[Activity]
Could you repeat exactly the lines below, from the line containing "slope values |" through the last one, both included, while leaving out any pictures?

[Records for this exercise]
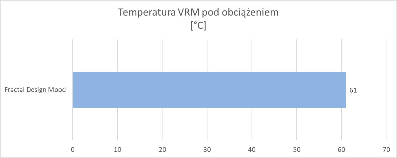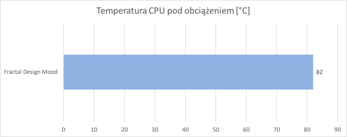 Temperatury są naprawdę niezłe. Mimo małych rozmiarów wentylacja jest naprawdę zachowana i przy zastosowanym sprzęcie nie ma żadnych obaw o jego przegrzewanie się. Karta graficzna ma dobre wyniki, podobnie jak procesor. Również sam dysk czy sekcja zasilania nie notują dziwnie wysokich temperatur. Spokojnie więc możecie zbudować Fractal Design Mood nawet całkiem mocną maszynę.
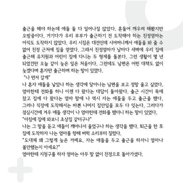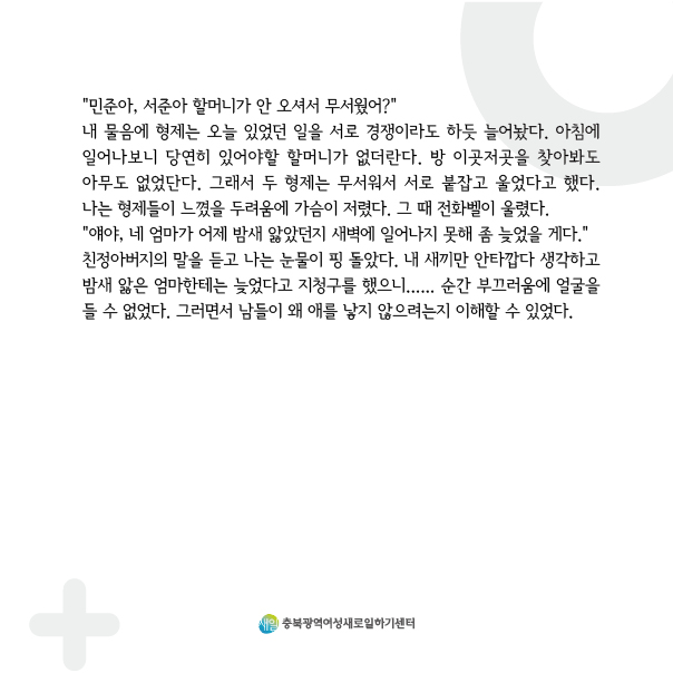e북 홈 > 소통 여기로 > e북 제목 [수기 e북] ep41. 부모와 자식 작성자 관리자 조회수 2015 등록일 2021-09-30 첨부 첨부41.jpg (151,460 KB, Download : 332) 등록목록 댓글달기 500자 이내로 작성하여 주십시오. [개인정보 수집∙이용에 관한 동의] 정보통신망법 규정에 따라 이벤트를 신청하시는 분에 한정하여 수집하는 개인정보의 항목, 개인정보의 수집 및 이용목적, 개인정보의 보유 및 이용기간을 안내 드리오니 자세히 읽은 후 동의하여 주시기 바랍니다. 첫째, 이벤트의 원활한 진행을 위해 다음과 같은 최소한의 개인정보를 필수항목으로 수집하고 있습니다. (필수항목: 이름, 연락처) 둘째, 개인정보의 수집 및 이용목적은 이벤트 당첨시 당첨선물의 빠른 전달을 위함이며 이벤트가 종료되는 시점에 당첨자를 제외한 모든 정보를 삭제합니다. 위 사항을 읽어보지 않아 생긴 불이익에 대해서는 일체 책임지지 않습니다. 동의함 동의하지 않음 이름 휴대폰 번호 010 011 016 017 018 019 - - 비밀번호 자동입력방지 ※ 자동입력방지번호를 입력해주세요 비밀댓글 여부 비밀댓글을 사용하시려면 체크해주세요. 등록하기
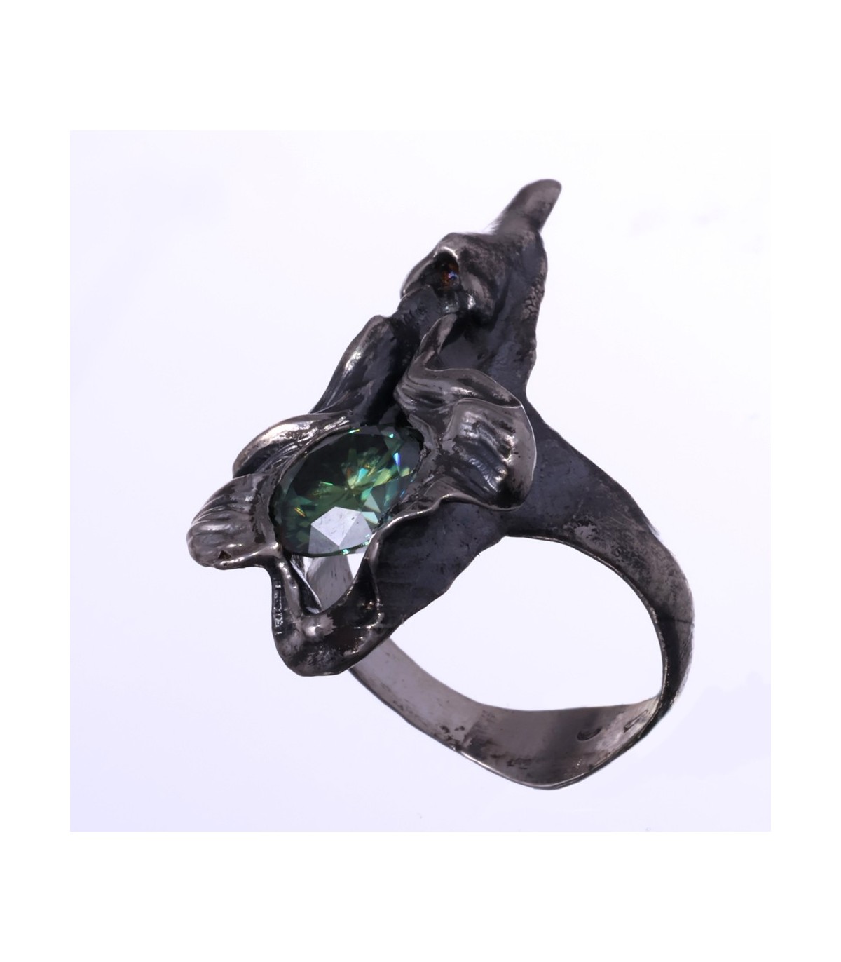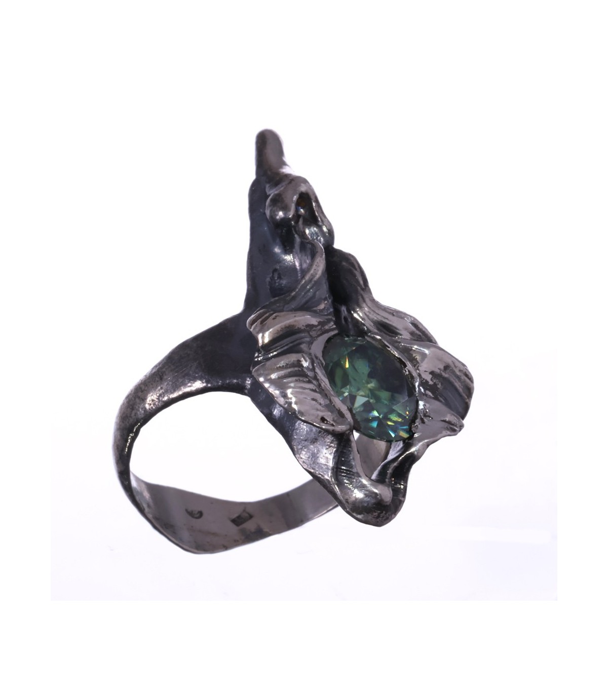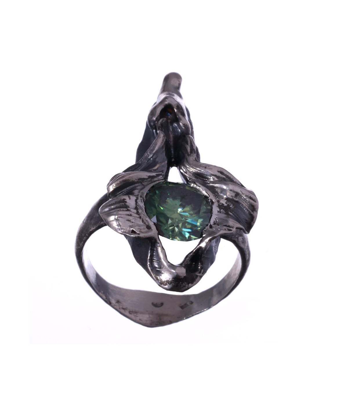The central 3 ct green moissanite captures and refracts light with a living quality, suggesting resilience and quiet endurance rather than brilliance alone. The silver surface bears visible traces of process and touch, reinforcing the sense of something earned rather than polished.
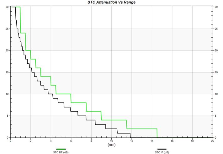| Stop Range | Range at which STC is cut off; the STC attenuation value may decay to zero (dB) before the stop range depending on the decay factor or the decay slope values |
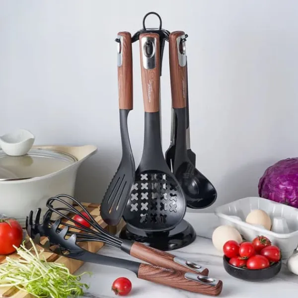 - Praktiskt stativ möjliggör bekväm förvaring och snabb åtkomst till verktyg under matlagning.
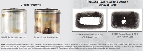 Τα συνθετικά βασικά έλαια του SABER Professional καίγονται πιο καθαρά από άλλα συνθετικά και συμβατικά βασικά έλαια. Εξαλείφει τις εναποθέσεις άνθρακα που οδηγούν σε κολλημένους δακτυλίους εμβόλων και φραγμένες θύρες εξάτμισης. Μετά από 300 ώρες δοκιμής επαγγελματικής χρήσης σε αλυσοπρίονα ECHO, το SABER Professional, αναμεμειγμένο σε 100: 1, αντιστέκονταν στον άνθρακα καλύτερα απ 'ότι το ECHO Power Blend * XTended Life * Universal Oil 2-Stroke αναμιγμένο με 50: 1. Για πλήρη αποτελέσματα δοκιμών, ανατρέξτε στην Τεχνική Μελέτη ECHO 100: 1 Trimmer String (G3470).

[Output of the exercise]
| Stop Range | Range at which STC is cut off; the STC attenuation value may decay to zero (dB) before the stop range depending on the decay factor or the decay slope values |
 - Praktiskt stativ möjliggör bekväm förvaring och snabb åtkomst till verktyg under matlagning.
 Τα συνθετικά βασικά έλαια του SABER Professional καίγονται πιο καθαρά από άλλα συνθετικά και συμβατικά βασικά έλαια. Εξαλείφει τις εναποθέσεις άνθρακα που οδηγούν σε κολλημένους δακτυλίους εμβόλων και φραγμένες θύρες εξάτμισης. Μετά από 300 ώρες δοκιμής επαγγελματικής χρήσης σε αλυσοπρίονα ECHO, το SABER Professional, αναμεμειγμένο σε 100: 1, αντιστέκονταν στον άνθρακα καλύτερα απ 'ότι το ECHO Power Blend * XTended Life * Universal Oil 2-Stroke αναμιγμένο με 50: 1. Για πλήρη αποτελέσματα δοκιμών, ανατρέξτε στην Τεχνική Μελέτη ECHO 100: 1 Trimmer String (G3470).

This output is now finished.